A favorite lokanta is the Sultanahmet Köftecisi located midway between the Grand Bazaar and
Topkapi Palace. They serve simple lunches of lentil soup, white bean salad, and
grilled lamb köfte which we wash down with the yogurt drink called ayran. It’s
just as popular with locals as with tourists.
The restaurant
scene today in Istanbul is a culinary paradise and several restaurants are
recreating traditional Ottoman dishes. Two that we really like are both pricey
but we think worth the splurge: The Tugra restaurant inside the Çırağan Palace Hotel
has patio seating along the Bosphorus (plan a visit during the full moon!). In
Sultanahmet, we enjoyed the Matbah restaurant in the Ottoman Imperial Hotel. Of
course, whenever possible, we like to shop at the markets with Turkish friends
and dine in their homes.
There are two
locations that we love to frequent for fish dinners in Istanbul: The flower
passage in BeyoÄźlu, and the street of fish restaurants in an old Armenian
neighborhood called Kumkapi (meaning sand gate) located downhill from
Sultanahmet near the Sea of Marmara.
The owner of the
popular Hamdi restaurant that overlooks the Galata Bridge serves spicy, sumptuous cuisine of southeastern
Turkey. We could eat there every day. Hamdi is always humming with families and
friends.
Although we’ve
visited several Turkish baths in the city, from elegant hotels to rustic
neighborhood hamams, a favorite bath remains the Çemberlitaş Hamam, which we write about in our book.
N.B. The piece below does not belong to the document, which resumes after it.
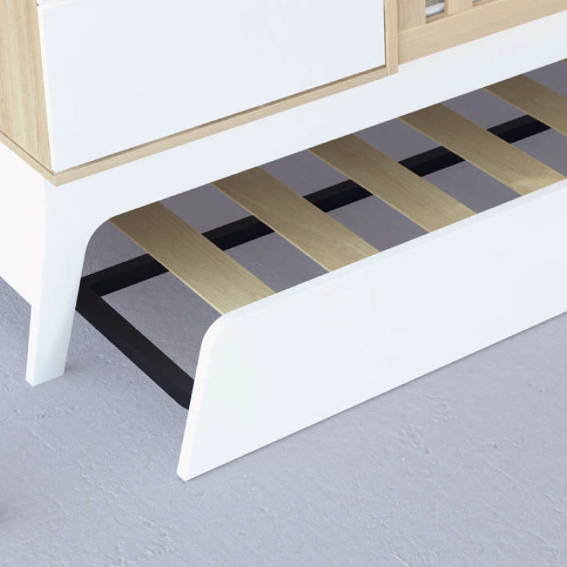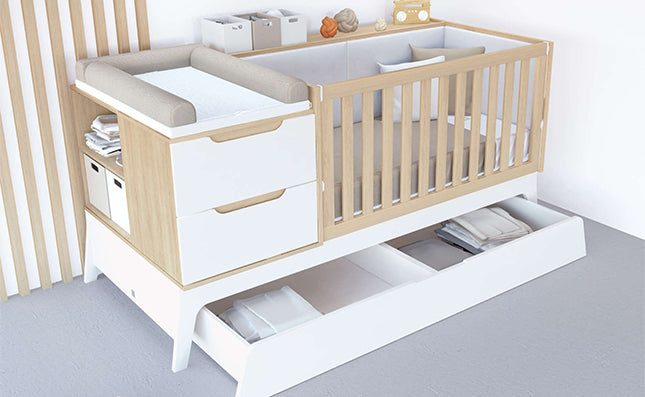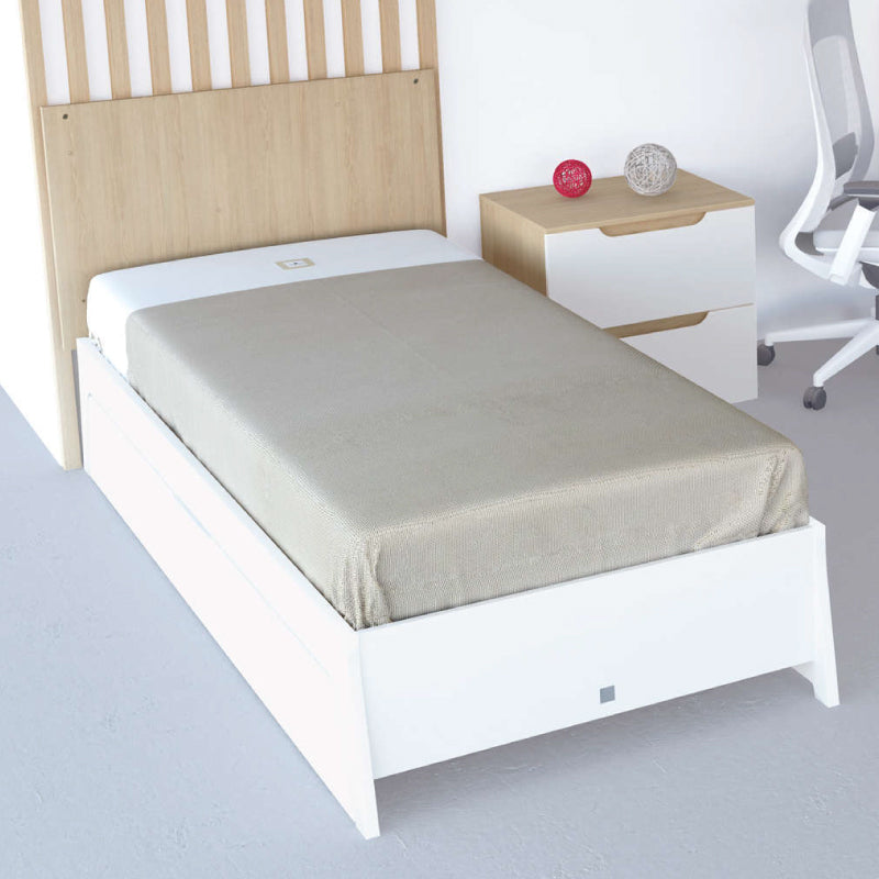 El combo perfecto de comodidad y estilo, así es nuestra cuna de 70x140 cm ZEN (con cajones inferiores o cama nido), convertible en habitación infantil-juvenil. ¿Aburrido de las cunas tradicionales? Sus patas curvas le dan un toque elegante y sofisticado que harán que tu bebé se sienta único en su habitación desde el principio. Pero espera, ¡hay más! Se convierte en una habitación completa con cama de 90x200 cm para cuando crezca, una mesita de 2 cajones para guardar su ropa interior, un escritorio para hacer los deberes y una book estantería para colocar sus libros. Todo en blanco y madera, un estilo atemporal que no tiene edad. Además, dispone de 5 alturas diferentes de somier y barandilla sube-baja, para facilitar el acceso de la mamá o del papá a la cuna.
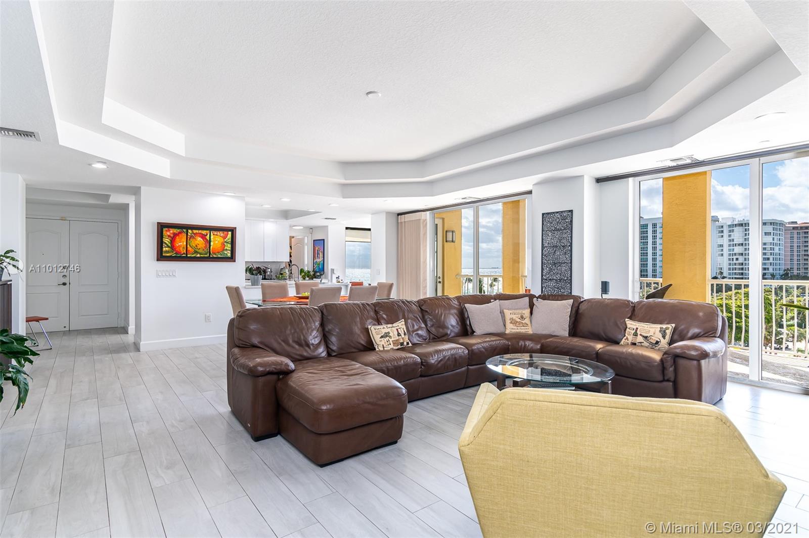 Luxurious building with semi-private elevator that leads you to a beautiful and recently renovated 3 bedroom apartment with modern porcelain flooring throughout, new white kitchen cabinets, and quartz countertops offering open space towards dining and living room area. Stainless steel appliances including wine cooler. Panoramic and gorgeous ocean views from kitchen dining, formal dining, living room, master bedroom, and of course from the 220 sq ft balcony. High ceilings with double trays and LED lighting. Private beach access and club across the street. Pool with barbecue area next to building docks. Low maintenance of $632 monthly which includes reserves. Very well-managed and maintained building with solid financial and reserves. All windows are high impact resistant for hurricane.

Architect Mimar Sinan, a contemporary of Michelangelo, designed this bath. We haven’t yet
visited another hamam built by Sinan, the restored Baths of Roxelana that
caters to high-end clients, so are looking forward to this down the road.
And speaking of
high-end clients, we had the opportunity to explore both locations of the
Istanbul department store, Armaggan. The merchandise, more like art objects,
harkens back to the crafts guilds during the Seljuk and Ottoman Empires.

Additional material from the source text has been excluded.